The overall purpose here is for Techdirt to appear against all corporations and for individual Rights. BUT in fact it always favors certain corporations (the ones it does NOT mention) and this piece boils down to another in its ongoing attack on police. — Whether it’s justified is irrelevant! Techdirt hates police — and promotes various criminality — period. This premise helps its anarchist views, only reason run. — If think that too cynical, hundreds of regulars have left forever probably precisely because murky motive cause continuous unease. — Yup. Next piece, Maz defends Google, I don’t even need to read more than title.

Techdirt has no positive agenda that it can state openly, and all of its notions about teh internets bringing free content and Free Speech are proven wrong, so can only try to build cred with negatives.

sumgai (profile) says:

Re: "Law enforcement loves loves LOVES" GOOGLE'S SPYING.

It’s nice to see that you’ve learned how to turn on AutoCorrect, because your spelling is quite on target.
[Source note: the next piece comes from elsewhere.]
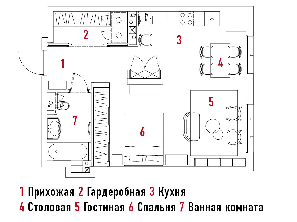Чтобы не загромождать маленькое пространство, Олеся отказалась от дивана в гостиной в пользу отреставрированного советского диванчика и пары винтажных кресел. Зато в столовой поместился большой раскладной стол, который используется как рабочий.

Too bad your content, however, is so far off base as to give me pause for consideration – do I really want to ask you for the name of your drug dealer, because he’s definitely doing right by you…..

Wyrm (profile) says:

It’s already known (or at least it should be) that cops are legally allowed to lie during interrogation. They can tell you they have evidence they actually don’t have. They can tell you about witnesses that don’t exist.
I find that wrong, morally speaking, but it goes beyond just the morality of it. There have been numerous cases of innocent pushed to confessing crimes they didn’t commit because those lies made them distrust their own memories. So it’s wrong because it’s a failing tool to find the culprit of a crime. Unless you see as a game where the goal is to convict someone. Anyone.

Now, we have a worse case here. (And it’s not unique.)
This is falsified evidence brought to the trial itself.
This definitely is illegal and the police – possibly along with the prosecutors, if they knew about it – should be sued back.
There is some degree of immunity against lawyers, judges and prosecutors, but this should only stand when not committing perjury or evidence tampering. Also, I don’t think that covers the cops brought as witnesses. And certainly not the paid and lying witnesses themselves.

The third-party involvement here shouldn’t even have been a problem because, except for that bribed witness, they didn’t even have a case. Not that it excuses Hertz, but they are not the main ones to blame.